Cover illustration: Tom Clohosy Cold
A publishing marvel
Publisher Barrington Stoke does a great job in providing high quality, accessible texts for less confident or experienced readers. It is also much to their credit that so many of our best writers have contributed. As well as meeting the needs of their primary audience wonderfully well, a remarkable number of their titles make outstanding reading for any level or age, despite their simplified language and style.
My gold standard is always Anthony McGowan’s Lark, a truly sensational novel by any reckoning. Up there in quality also come Katya Balen’s Birdsong and Mal Peet’s The Family Tree. I would also most certainly include the titles contributed by Marcus Sedgwick, recently so tragically deceased. It is no recompense, but some slight comfort perhaps, that there is another Barrington Stoke title of his due early in 2023.

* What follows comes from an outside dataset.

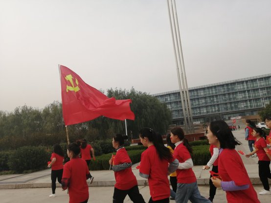 此次红十月活动之奔跑吧,党旗共有一百多名志愿者参加,只见志愿者们身穿红色短袖,党员代表穿着黄色衣服,领导人员一声令下,志愿者们迅速站好队。所有人员脸上贴着带有五角星的红色脸贴,手中挥舞着五星红旗蓄势待发。由德馨书院门洞处出发依次穿过行政楼、大医精诚石碑、闻德礼堂等打卡地点,到每个打卡地点后各支队代表将以问答的形式作答有关党建等知识问题以此怀念中国共产党的建党历程。打卡目标完成后,德馨书院共产党党员和共产党预备党员进入新时代展馆进行入党宣誓,他们如火的热情感染了经过的每个人。奔跑道路上时不时能看到工作人员忙碌的身影,他们穿梭于人群中,引导每个方队不断向前进。奔跑是一种状态,奔跑的过程不可能一帆风顺,但是在由中国共产党开辟的道路上奔跑,这是一种幸福。

In this esteemed company, too, are a whole series of wartime novels from Tom Palmer. All excellent, these seem to get better and better and his latest, Resist, is a most compelling and important read.
Devastating authenticity
One of the principle strengths of this book is ((as always with this author) its authenticity. Reconstructing, as it does, life in the Netherlands in the later stages of the WWII, as experienced by the teenager who subsequently grew up to be film star Audrey Hepburn, it is fiction not biography. This means, of course, that much has been imagined, but her imagined exploits are vivid and deeply affecting not only because of the writer’s remarkable ability to recreate experience of another person, but because they are firmly and truthfully based on a great deal of thoroughly researched evidence from first-hand accounts as well as secondary sources. All of which means that the novel is not only richly informative but also deeply moving and often very harrowing. Even as someone who thought he knew the history of WWII pretty well, I must admit I had not fully appreciated the horrors experienced by those living in the occupied Netherlands at that time, or the deprivations and cruelties inflicted by the Nazis. It was a revelation, as I think it will be for many, one as as important as it is devastating.
Skilful storytelling
Reader engagement with all of this is this is secured by outstanding narrative construction. Linear it may be, but within this simple framework considerable writing skill is in evidence, The story builds and eases tensions, without ever losing the underlying terror and jeopardy that must have been continually present throughout the occupation. The voice of Edda (Audrey) is cleverly and sensitively caught and the result is a reader experience that vicariously shares every intense moment of her fears, traumas, hopes and disappointments. Real events like the Battle of Arnhem come to horrendous life, seen from her physically close and emotionally involved perspective. There is a stark reminder too of life’s reality, when even the longed for liberation is not as totally idyllic as it was so often envisaged to be.
Simplicity is all
This is a case where I find the straightforward linguistic style, albeit designed for readability, actually enhances the content. Its directness and consequent feeling of simple honesty suit the story well. Although the two books are very different in content, Resist is similar to Lark in that it captures a voice, place, and time to perfection. Here is a story of traumatic experiences which need to be absorbed into our individual and collective consciousness. So too, though, the thread of life-affirming courage and hope that runs through this very special book. Our humanity will be the greater for it.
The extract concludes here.